Factors beyond the Psoriasis Area and Severity Index (PASI) contribute to disease severity in psoriasis and potentially affect treatment responses.

Objective

This subset analysis of data from two phase 3 clinical studies assessed baseline parameters in patients with different degrees of psoriasis severity in order to determine treatment responses to ixekizumab and safety outcomes.

Methods

This study used integrated data from the UNCOVER-2 and -3 trials involving 2709 patients with chronic plaque psoriasis to assess the efficacy and safety of ixekizumab in three subgroups of patients, defined by PASI > 15 (group 1), PASI > 15 and history of ≥3 non-biologic systemic therapies (group 2), or PASI = 12-15 (group 3).

Results

In groups 1 and 2, additional baseline features were identified that could influence treatment responses, including age at disease onset, Dermatology Life Quality Index, and work productivity. Irrespective of subgroup, ixekizumab demonstrated high PASI responses at weeks 12 and 60, which were evident as early as week 2. Adverse events did not differ across subgroups.

Conclusion

Our data support the efficacy, early onset of action, and maintained response of ixekizumab as observed in previous trials, and highlight the complexity of comprehensively defining disease severity in psoriasis.

Introduction

Ixekizumab is a high-affinity monoclonal antibody that selectively targets interleukin-17A (IL-17A), a member of the proinflammatory IL-17 cytokine family critically involved in the pathogenesis of psoriasis and other immune-mediated diseases [Citation1].

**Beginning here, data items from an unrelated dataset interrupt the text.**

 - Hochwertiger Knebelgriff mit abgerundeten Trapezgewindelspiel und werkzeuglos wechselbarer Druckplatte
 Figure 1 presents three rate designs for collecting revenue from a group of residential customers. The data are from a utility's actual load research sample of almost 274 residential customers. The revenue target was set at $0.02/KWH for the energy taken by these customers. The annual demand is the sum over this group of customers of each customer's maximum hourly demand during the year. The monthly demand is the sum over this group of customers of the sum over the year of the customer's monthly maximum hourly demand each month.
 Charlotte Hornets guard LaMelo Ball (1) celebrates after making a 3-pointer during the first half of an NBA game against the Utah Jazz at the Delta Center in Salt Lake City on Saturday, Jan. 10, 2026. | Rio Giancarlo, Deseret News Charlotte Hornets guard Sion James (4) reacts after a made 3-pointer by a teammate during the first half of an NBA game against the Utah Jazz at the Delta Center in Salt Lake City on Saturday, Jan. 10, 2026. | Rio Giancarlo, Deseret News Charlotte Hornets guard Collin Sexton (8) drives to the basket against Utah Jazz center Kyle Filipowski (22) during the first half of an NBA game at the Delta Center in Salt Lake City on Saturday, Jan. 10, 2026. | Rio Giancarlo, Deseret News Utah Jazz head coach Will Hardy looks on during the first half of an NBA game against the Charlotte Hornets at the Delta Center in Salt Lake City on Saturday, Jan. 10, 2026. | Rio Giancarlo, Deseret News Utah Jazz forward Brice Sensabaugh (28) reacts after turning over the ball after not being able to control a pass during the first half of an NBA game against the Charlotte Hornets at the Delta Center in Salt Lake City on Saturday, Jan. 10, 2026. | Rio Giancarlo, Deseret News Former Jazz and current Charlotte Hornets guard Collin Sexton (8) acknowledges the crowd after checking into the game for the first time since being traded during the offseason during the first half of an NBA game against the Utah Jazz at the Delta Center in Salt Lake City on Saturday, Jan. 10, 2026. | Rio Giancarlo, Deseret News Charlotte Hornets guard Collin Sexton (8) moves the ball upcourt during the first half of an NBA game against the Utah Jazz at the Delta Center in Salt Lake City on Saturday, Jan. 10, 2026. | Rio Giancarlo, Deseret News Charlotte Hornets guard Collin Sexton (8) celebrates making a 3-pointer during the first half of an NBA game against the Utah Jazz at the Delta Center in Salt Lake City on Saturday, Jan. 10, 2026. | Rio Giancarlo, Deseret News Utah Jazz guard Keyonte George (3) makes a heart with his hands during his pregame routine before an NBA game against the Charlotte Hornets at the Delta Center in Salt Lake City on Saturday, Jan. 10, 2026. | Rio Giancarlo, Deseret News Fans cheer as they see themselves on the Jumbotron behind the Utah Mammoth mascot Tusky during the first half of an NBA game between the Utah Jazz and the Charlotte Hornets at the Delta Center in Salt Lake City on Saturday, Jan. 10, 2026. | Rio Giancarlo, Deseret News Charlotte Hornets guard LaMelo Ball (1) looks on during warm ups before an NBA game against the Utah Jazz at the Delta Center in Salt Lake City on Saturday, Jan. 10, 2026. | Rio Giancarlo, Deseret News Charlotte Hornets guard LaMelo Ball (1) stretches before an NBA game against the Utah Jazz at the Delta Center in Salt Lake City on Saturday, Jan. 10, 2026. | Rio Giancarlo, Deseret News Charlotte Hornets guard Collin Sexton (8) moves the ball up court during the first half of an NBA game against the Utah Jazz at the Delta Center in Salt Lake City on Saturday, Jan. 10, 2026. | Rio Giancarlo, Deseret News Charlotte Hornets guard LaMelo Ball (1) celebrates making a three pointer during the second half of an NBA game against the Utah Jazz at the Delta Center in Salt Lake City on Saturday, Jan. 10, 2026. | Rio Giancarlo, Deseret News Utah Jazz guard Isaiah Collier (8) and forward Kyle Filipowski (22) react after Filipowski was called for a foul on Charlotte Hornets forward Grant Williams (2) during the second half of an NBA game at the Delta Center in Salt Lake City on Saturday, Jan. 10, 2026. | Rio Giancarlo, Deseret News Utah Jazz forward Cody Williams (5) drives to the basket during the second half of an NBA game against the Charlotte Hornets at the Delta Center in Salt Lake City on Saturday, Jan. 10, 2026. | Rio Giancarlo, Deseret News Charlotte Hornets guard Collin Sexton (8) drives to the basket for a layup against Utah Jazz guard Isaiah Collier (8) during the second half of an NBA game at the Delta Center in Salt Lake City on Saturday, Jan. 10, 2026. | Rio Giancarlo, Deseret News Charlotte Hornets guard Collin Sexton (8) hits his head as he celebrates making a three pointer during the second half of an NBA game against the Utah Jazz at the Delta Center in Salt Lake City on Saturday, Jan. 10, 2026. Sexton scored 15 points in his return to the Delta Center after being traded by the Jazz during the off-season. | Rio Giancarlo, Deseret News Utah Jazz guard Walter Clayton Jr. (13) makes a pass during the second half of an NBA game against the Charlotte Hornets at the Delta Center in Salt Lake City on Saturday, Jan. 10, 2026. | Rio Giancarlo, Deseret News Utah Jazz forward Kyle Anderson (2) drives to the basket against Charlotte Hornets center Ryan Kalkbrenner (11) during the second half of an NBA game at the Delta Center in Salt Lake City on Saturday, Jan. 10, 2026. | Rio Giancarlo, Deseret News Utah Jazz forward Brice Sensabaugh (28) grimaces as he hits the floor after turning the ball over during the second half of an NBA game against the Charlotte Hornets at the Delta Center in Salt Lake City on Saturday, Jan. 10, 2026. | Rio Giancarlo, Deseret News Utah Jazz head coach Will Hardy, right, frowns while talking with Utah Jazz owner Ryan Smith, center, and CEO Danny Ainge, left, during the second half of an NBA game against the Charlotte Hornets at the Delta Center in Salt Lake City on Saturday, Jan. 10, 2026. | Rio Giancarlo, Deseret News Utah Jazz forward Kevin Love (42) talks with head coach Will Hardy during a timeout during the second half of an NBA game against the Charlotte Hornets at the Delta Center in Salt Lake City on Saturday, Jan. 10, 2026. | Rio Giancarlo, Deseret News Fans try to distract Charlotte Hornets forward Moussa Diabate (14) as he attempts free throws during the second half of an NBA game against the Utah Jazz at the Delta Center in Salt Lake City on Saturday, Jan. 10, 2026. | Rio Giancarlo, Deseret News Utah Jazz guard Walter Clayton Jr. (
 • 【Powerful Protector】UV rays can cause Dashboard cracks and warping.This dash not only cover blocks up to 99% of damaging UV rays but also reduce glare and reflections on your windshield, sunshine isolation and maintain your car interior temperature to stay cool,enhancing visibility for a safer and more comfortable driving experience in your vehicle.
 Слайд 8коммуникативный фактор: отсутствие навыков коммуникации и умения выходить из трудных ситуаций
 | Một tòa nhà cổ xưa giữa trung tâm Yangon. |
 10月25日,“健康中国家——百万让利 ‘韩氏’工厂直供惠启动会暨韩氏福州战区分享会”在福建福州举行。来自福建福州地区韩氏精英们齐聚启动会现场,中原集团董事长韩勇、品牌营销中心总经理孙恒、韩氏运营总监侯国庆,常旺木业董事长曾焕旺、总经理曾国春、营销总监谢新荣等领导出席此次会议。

In clinical studies, ixekizumab has been shown to be effective in patients with moderate-to-severe chronic plaque psoriasis, demonstrating rapid clinical improvements and a favorable safety profile when compared with placebo [Citation2–5], and in head-to-head studies versus etanercept [Citation2], methotrexate, fumaric acid esters [Citation6], the IL-12/23 inhibitor ustekinumab [Citation7], or the IL-23 inhibitor guselkumab [Citation8]. In phase 3 randomized studies, ixekizumab has been shown to be effective through 60 [Citation9], 108 [Citation10], 156 [Citation11], and 204 [Citation12] weeks of treatment.

Despite a growing understanding of the pathophysiology, impact, and nature of psoriasis, a comprehensive definition of disease severity for chronic plaque psoriasis is still missing. Even in the setting of clinical studies with stringent patient inclusion and exclusion criteria, study populations are heterogeneous, with skin disease severity scores ranging from moderate to severe using unified definitions of cutoff values [Citation13]. On the other hand, disease severity is the basis for treatment decisions, and specific parameters have been established to determine the eligibility of patients for reimbursement of biologic treatments. In this context, disease severity is usually defined by specific Psoriasis Area and Severity Index (PASI) score cutoffs [Citation14]. Evaluating the number of previous systemic therapies might be another parameter to assess disease severity in patients with chronic plaque psoriasis. Moreover, patients with severe psoriasis might not only differ in skin disease scores from those with moderate disease but also differ in other respects, including disease duration, onset, and response rates to therapies [Citation15,Citation16].

The objective of this subset analysis of data from two phase 3 clinical studies was to assess baseline parameters in patients with different degrees of psoriasis severity and to determine treatment responses to ixekizumab and safety outcomes in these subpopulations.

Materials and methods

Study design

The study design and patient demographics for UNCOVER-2 (NCT01597245) and -3 (NCT01646177) have been published previously [Citation2,Citation5]. Briefly, these studies included adult patients with a confirmed diagnosis of chronic plaque psoriasis at least 6 months before baseline (randomization), at least a moderate disease severity defined by a static Physician’s Global Assessment (sPGA) score ≥3 (range 0 [clear] to 5 [very severe]), a body surface area (BSA) involvement of ≥10%, and a PASI score ≥12. During the 12-week placebo- and active comparator-controlled period in each of these phase 3 trials, patients were randomized to ixekizumab with a starting dose of 160 mg at week 0, followed by 80 mg every 2 weeks (Q2W) or every 4 weeks (Q4W), etanercept 50 mg twice weekly, or placebo.

In UNCOVER-3, all patients entered the long-term extension period at week 12, and received ixekizumab 80 mg Q4W from week 16 onwards. To assess long-term outcomes for this post hoc analysis, the intent-to-treat population receiving ixekizumab 80 mg Q2W until week 12 followed by ixekizumab 80 mg Q4W from weeks 16 to 60 was analyzed.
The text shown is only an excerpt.